--- DATA BELOW ---
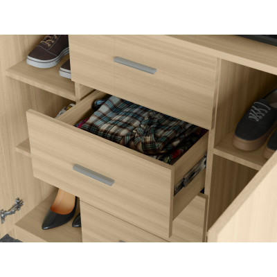 - două dulapuri foarte încăpătoare cu bare pentru umerașe și rafturi.
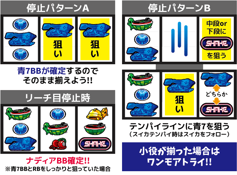 左リール下段に青7が停止した場合はRBorナディアBBの可能性が高まるが、小役入賞時とビタミス時は青7BBの可能性が残される(スベリコマ数確認で精度アップ)。
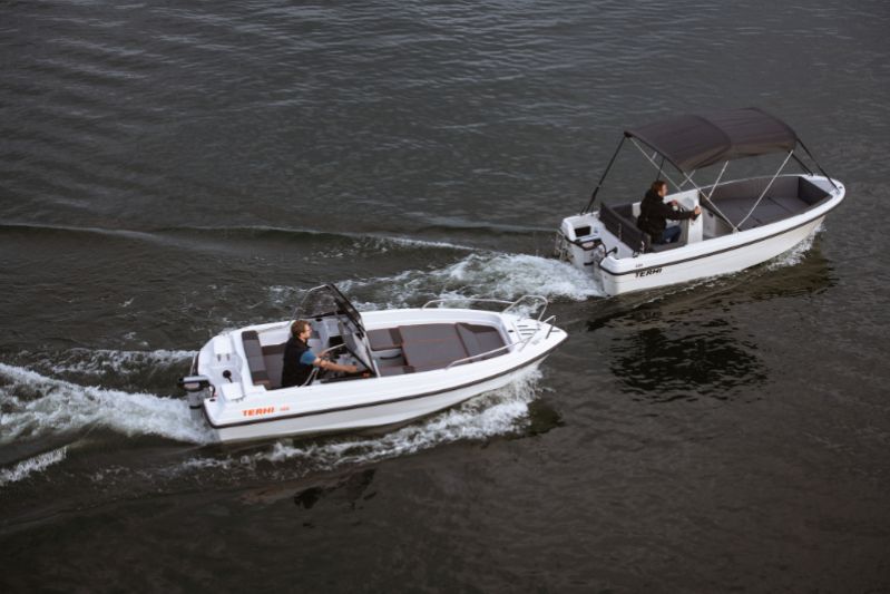 Den öppna planlösningen, durkens halkskyddade yta och den höga friborden gör Terhi 450 Sloep framför allt praktisk och trygg. Mittbänken kan fällas åt sidan, vilket ger dig mer utrymme i mitten av båten för fri rörlighet. Terhi 450 Sloep - modellens kompakta styrkonsol är placerad i mitten av båten, vilket ger föraren både god sikt i alla riktningar och utmärkt manövrerbarhet, även då båten körs ensam.
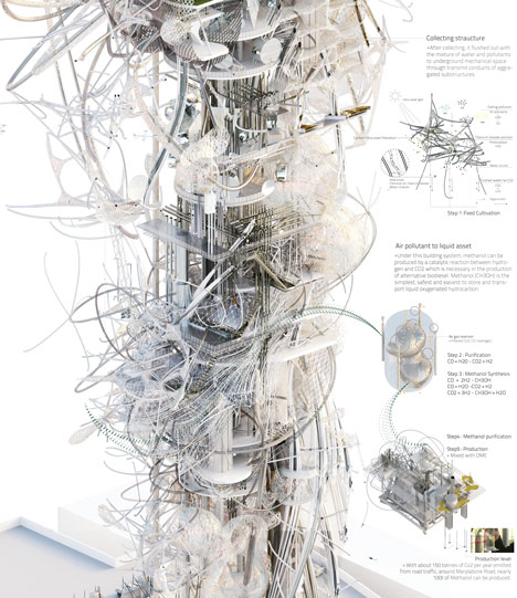 皇家艺术学院毕业生Chang-Yeob Lee提出了一个设计概念,将伦敦电信塔(BT Tower)改造成一座攫取污染的高层。该项目被称为Synth[e]tech[e]cology,最终将把现用于电信的189米高的塔改造成一座生态大楼,收集悬浮污染物且帮助降低伦敦的呼吸系统疾病发病率。过程还包括提取汽油中的碳用于生产可持续生物燃料。塔楼的外部将作为巨大的生态催化转换器,而内部可以放置用于调查如何增强空气流动和提高转换效率的研究设备。

--- TASK GOAL ---
Every line of the listing is to be repeated exactly, and the pictures are to be dropped.

--- OUTPUT ---
 - două dulapuri foarte încăpătoare cu bare pentru umerașe și rafturi.
 左リール下段に青7が停止した場合はRBorナディアBBの可能性が高まるが、小役入賞時とビタミス時は青7BBの可能性が残される(スベリコマ数確認で精度アップ)。
 Den öppna planlösningen, durkens halkskyddade yta och den höga friborden gör Terhi 450 Sloep framför allt praktisk och trygg. Mittbänken kan fällas åt sidan, vilket ger dig mer utrymme i mitten av båten för fri rörlighet. Terhi 450 Sloep - modellens kompakta styrkonsol är placerad i mitten av båten, vilket ger föraren både god sikt i alla riktningar och utmärkt manövrerbarhet, även då båten körs ensam.
 皇家艺术学院毕业生Chang-Yeob Lee提出了一个设计概念,将伦敦电信塔(BT Tower)改造成一座攫取污染的高层。该项目被称为Synth[e]tech[e]cology,最终将把现用于电信的189米高的塔改造成一座生态大楼,收集悬浮污染物且帮助降低伦敦的呼吸系统疾病发病率。过程还包括提取汽油中的碳用于生产可持续生物燃料。塔楼的外部将作为巨大的生态催化转换器,而内部可以放置用于调查如何增强空气流动和提高转换效率的研究设备。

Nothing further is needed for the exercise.